Start of Records for the task
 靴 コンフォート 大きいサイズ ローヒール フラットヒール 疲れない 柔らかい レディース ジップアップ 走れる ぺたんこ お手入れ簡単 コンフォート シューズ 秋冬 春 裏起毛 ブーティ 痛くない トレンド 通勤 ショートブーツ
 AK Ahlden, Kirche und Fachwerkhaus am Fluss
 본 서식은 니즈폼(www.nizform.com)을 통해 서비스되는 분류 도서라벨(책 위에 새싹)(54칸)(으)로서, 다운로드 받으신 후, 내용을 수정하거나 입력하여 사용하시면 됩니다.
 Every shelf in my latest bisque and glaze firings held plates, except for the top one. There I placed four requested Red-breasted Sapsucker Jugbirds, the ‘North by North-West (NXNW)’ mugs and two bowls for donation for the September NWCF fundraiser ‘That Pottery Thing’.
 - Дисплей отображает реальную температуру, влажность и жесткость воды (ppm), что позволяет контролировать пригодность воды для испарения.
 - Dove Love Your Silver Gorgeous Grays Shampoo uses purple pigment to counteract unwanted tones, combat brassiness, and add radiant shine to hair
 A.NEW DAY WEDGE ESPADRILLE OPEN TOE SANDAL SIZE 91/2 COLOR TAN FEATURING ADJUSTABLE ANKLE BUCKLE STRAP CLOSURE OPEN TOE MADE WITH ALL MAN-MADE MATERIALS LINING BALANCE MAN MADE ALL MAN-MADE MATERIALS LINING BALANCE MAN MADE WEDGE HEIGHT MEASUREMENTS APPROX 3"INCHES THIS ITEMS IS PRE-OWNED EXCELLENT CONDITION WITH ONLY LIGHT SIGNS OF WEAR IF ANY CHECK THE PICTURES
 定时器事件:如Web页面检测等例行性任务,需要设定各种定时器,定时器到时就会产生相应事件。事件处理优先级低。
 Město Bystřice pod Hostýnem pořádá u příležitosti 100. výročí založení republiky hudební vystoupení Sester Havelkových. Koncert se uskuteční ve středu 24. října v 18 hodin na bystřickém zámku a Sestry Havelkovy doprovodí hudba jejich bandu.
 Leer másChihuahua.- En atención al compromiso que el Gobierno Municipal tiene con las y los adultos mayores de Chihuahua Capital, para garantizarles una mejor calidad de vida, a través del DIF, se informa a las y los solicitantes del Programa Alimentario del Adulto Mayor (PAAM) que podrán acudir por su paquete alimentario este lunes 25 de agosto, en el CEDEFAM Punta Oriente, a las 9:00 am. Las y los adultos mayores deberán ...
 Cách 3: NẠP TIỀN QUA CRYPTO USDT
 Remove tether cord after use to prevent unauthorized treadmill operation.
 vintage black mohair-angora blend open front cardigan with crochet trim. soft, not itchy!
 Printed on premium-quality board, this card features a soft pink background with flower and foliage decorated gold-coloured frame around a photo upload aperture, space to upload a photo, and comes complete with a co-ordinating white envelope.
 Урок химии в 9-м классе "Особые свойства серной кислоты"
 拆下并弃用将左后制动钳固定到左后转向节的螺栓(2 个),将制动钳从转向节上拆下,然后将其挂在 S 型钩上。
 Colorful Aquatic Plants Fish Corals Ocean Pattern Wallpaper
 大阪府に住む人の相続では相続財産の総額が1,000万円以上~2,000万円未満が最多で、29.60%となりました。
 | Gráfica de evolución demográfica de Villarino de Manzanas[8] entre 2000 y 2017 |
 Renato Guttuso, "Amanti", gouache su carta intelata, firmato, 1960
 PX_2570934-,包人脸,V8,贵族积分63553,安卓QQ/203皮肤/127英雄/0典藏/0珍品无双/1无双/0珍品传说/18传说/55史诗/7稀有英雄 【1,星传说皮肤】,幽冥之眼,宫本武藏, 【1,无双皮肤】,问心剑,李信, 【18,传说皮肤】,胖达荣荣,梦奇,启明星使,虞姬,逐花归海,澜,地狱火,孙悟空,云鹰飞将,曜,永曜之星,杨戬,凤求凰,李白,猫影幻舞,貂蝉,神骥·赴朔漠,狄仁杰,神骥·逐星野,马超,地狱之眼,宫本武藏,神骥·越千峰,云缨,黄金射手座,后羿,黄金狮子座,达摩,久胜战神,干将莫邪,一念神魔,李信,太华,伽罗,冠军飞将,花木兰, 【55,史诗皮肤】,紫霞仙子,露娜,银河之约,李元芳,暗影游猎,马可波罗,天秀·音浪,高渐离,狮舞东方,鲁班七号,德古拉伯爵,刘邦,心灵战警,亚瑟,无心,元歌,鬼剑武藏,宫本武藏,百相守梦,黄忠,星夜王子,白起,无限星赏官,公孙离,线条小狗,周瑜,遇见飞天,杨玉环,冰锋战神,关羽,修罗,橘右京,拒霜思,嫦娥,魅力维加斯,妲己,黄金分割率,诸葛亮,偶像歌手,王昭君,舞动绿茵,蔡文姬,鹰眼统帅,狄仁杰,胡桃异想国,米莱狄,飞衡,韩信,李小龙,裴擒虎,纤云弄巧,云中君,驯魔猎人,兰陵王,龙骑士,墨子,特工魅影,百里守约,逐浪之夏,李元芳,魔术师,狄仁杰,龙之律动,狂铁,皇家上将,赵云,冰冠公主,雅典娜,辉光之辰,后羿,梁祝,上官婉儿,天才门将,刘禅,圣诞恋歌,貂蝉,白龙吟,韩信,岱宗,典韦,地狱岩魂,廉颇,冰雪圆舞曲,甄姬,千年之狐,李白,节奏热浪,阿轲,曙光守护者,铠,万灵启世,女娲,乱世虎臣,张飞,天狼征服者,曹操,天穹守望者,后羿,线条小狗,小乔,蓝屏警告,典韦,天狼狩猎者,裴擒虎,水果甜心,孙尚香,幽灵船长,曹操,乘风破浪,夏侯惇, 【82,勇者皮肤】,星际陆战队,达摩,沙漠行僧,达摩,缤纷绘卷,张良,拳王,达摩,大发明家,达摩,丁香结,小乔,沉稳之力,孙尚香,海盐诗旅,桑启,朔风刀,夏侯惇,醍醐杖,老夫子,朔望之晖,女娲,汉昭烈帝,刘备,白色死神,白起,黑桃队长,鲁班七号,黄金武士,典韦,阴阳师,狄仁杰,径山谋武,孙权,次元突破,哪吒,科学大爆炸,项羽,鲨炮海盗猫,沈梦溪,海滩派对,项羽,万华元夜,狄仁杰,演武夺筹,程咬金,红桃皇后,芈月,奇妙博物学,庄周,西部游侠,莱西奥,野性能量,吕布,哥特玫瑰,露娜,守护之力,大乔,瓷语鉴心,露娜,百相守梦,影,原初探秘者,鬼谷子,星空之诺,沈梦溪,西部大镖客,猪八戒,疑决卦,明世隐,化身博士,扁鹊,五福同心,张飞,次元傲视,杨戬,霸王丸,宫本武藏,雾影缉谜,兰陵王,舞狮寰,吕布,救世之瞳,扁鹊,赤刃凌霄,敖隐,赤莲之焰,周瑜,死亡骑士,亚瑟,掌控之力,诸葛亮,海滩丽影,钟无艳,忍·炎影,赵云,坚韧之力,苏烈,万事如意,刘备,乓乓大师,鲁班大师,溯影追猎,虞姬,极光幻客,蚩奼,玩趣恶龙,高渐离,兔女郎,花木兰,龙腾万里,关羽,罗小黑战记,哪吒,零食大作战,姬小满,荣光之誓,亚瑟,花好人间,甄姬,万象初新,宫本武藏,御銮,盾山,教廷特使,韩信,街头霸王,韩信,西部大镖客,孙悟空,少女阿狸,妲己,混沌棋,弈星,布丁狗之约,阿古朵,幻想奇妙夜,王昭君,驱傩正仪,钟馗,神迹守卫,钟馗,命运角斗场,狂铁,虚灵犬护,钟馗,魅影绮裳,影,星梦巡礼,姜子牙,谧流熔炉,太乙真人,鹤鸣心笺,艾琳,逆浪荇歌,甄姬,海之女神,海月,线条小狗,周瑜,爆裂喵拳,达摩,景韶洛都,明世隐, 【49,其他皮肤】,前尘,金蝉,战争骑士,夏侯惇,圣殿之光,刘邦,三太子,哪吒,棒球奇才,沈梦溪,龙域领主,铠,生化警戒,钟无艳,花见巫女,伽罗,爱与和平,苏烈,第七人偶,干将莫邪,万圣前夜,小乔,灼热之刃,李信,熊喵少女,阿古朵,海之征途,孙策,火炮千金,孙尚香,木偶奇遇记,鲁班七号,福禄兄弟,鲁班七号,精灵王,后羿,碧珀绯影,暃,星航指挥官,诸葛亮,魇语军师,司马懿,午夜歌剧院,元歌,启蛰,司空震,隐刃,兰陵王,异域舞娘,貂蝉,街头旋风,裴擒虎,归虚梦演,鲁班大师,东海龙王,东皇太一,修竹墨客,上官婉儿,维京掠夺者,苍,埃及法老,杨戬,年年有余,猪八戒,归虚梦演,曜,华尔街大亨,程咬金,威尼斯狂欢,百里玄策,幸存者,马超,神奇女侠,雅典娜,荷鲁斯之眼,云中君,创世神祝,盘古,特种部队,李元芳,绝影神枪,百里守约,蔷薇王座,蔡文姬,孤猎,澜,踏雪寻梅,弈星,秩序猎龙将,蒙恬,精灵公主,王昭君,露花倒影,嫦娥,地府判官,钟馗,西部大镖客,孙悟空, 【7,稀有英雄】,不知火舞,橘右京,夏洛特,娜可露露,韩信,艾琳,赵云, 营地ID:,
End of Records for the task
Work request>
Once you find the line containing "Every shelf in", stop: reproduce exactly that line and every line of the data before it, and nothing else.

Solution below>
 靴 コンフォート 大きいサイズ ローヒール フラットヒール 疲れない 柔らかい レディース ジップアップ 走れる ぺたんこ お手入れ簡単 コンフォート シューズ 秋冬 春 裏起毛 ブーティ 痛くない トレンド 通勤 ショートブーツ
 AK Ahlden, Kirche und Fachwerkhaus am Fluss
 본 서식은 니즈폼(www.nizform.com)을 통해 서비스되는 분류 도서라벨(책 위에 새싹)(54칸)(으)로서, 다운로드 받으신 후, 내용을 수정하거나 입력하여 사용하시면 됩니다.
 Every shelf in my latest bisque and glaze firings held plates, except for the top one. There I placed four requested Red-breasted Sapsucker Jugbirds, the ‘North by North-West (NXNW)’ mugs and two bowls for donation for the September NWCF fundraiser ‘That Pottery Thing’.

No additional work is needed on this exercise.